• Dataset:
• • •

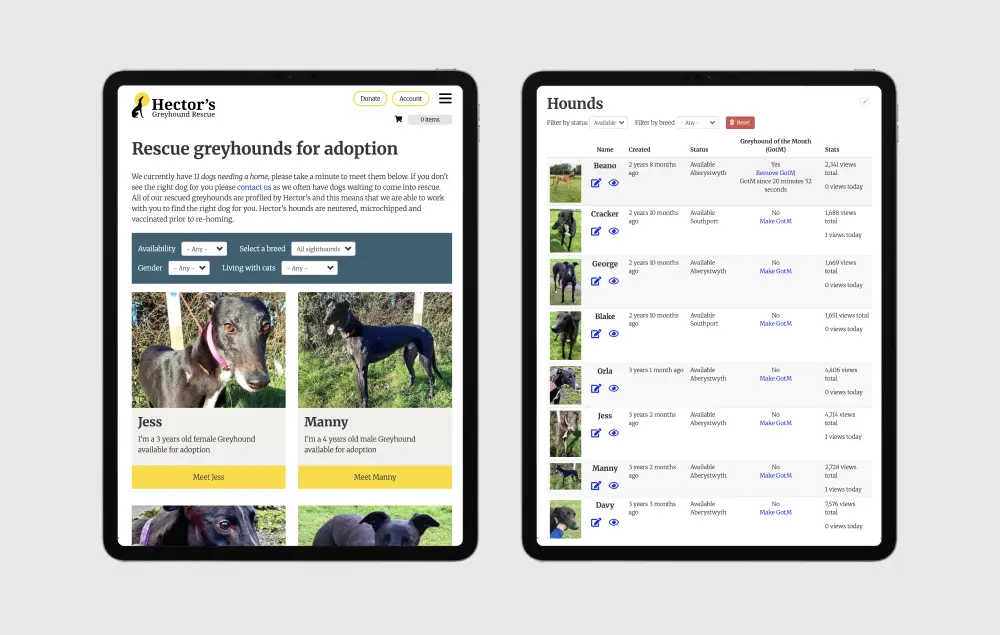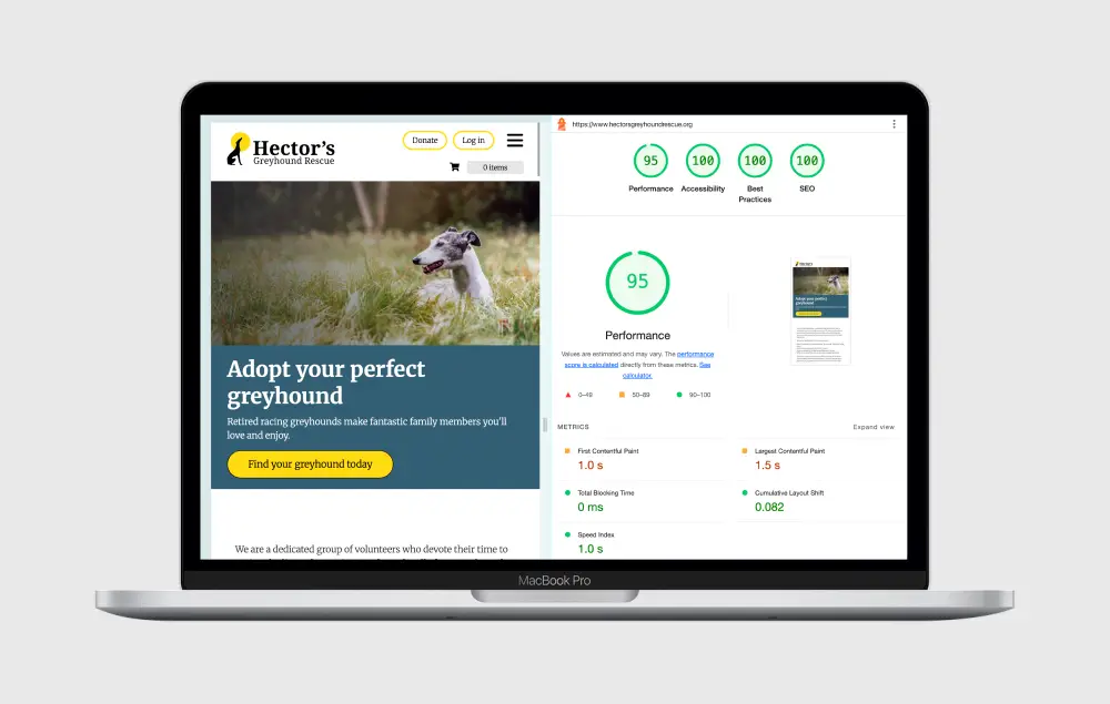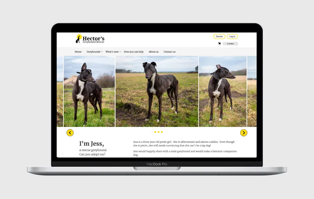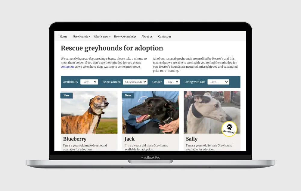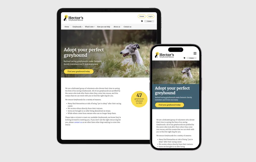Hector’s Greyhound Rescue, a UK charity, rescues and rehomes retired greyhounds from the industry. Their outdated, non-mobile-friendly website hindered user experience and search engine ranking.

• • •

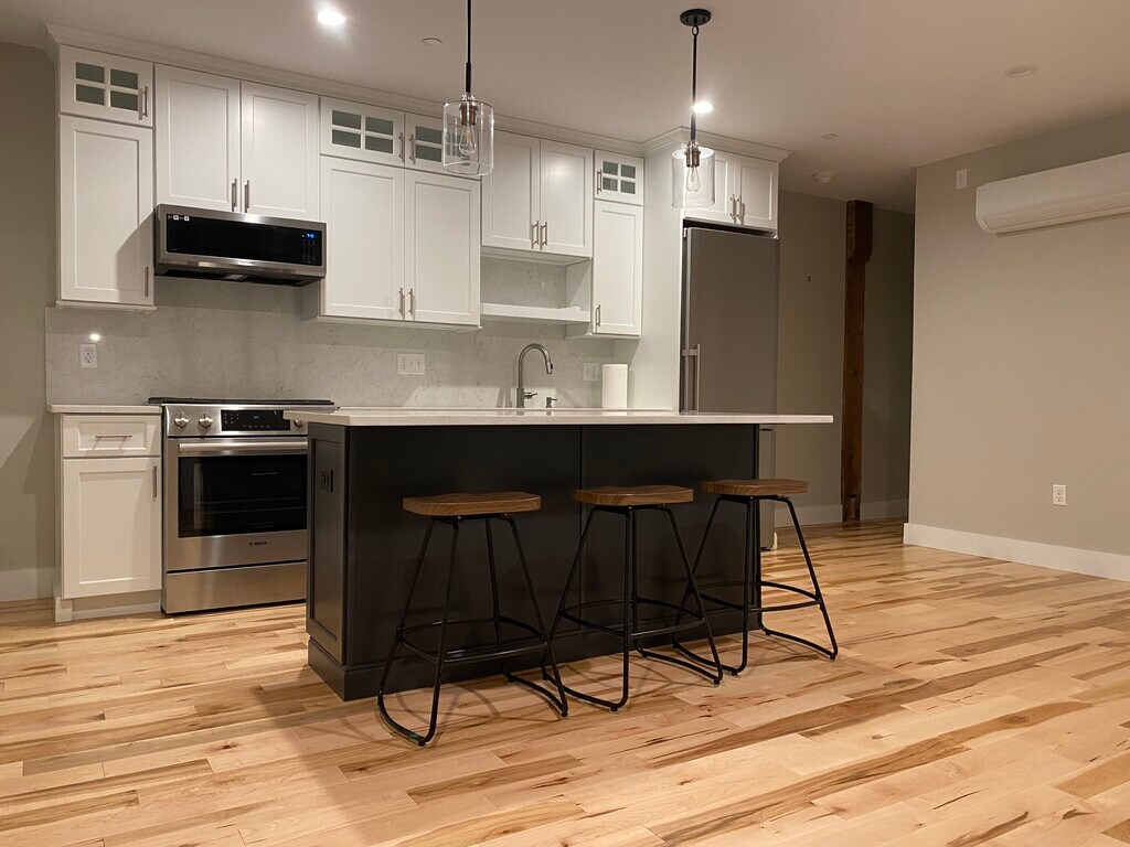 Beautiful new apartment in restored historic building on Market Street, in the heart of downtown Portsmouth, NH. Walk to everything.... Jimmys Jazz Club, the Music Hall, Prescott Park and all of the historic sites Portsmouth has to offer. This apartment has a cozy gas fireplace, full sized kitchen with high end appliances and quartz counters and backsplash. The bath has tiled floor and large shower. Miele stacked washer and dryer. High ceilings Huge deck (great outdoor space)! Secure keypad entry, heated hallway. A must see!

• • •

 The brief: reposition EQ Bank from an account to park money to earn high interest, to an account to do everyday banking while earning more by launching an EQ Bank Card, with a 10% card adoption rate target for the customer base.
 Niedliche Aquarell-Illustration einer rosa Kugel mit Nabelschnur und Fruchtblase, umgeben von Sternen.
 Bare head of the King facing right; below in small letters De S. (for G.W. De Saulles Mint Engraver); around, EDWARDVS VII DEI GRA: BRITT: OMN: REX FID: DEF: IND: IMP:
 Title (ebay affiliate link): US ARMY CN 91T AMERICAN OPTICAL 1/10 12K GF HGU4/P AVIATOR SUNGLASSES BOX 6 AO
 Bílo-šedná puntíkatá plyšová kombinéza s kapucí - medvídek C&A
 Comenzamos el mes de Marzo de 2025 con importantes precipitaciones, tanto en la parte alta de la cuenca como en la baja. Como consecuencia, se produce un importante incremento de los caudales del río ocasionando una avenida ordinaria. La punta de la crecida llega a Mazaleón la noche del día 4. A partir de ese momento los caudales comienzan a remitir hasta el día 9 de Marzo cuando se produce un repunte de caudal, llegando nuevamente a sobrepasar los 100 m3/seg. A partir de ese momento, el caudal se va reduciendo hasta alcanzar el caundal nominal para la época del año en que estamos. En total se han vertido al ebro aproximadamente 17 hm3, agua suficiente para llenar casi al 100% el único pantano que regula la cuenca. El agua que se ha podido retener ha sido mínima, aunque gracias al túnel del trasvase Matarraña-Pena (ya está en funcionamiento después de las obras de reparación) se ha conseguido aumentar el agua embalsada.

• • •

• What this task involves: Taking the entries above, write out exactly the lines starting with the line containing "Niedliche Aquarell-Illustration einer" and going on through the line containing "Comenzamos el mes", both included, and nothing else.

• Your response:
 Niedliche Aquarell-Illustration einer rosa Kugel mit Nabelschnur und Fruchtblase, umgeben von Sternen.
 Bare head of the King facing right; below in small letters De S. (for G.W. De Saulles Mint Engraver); around, EDWARDVS VII DEI GRA: BRITT: OMN: REX FID: DEF: IND: IMP:
 Title (ebay affiliate link): US ARMY CN 91T AMERICAN OPTICAL 1/10 12K GF HGU4/P AVIATOR SUNGLASSES BOX 6 AO
 Bílo-šedná puntíkatá plyšová kombinéza s kapucí - medvídek C&A
 Comenzamos el mes de Marzo de 2025 con importantes precipitaciones, tanto en la parte alta de la cuenca como en la baja. Como consecuencia, se produce un importante incremento de los caudales del río ocasionando una avenida ordinaria. La punta de la crecida llega a Mazaleón la noche del día 4. A partir de ese momento los caudales comienzan a remitir hasta el día 9 de Marzo cuando se produce un repunte de caudal, llegando nuevamente a sobrepasar los 100 m3/seg. A partir de ese momento, el caudal se va reduciendo hasta alcanzar el caundal nominal para la época del año en que estamos. En total se han vertido al ebro aproximadamente 17 hm3, agua suficiente para llenar casi al 100% el único pantano que regula la cuenca. El agua que se ha podido retener ha sido mínima, aunque gracias al túnel del trasvase Matarraña-Pena (ya está en funcionamiento después de las obras de reparación) se ha conseguido aumentar el agua embalsada.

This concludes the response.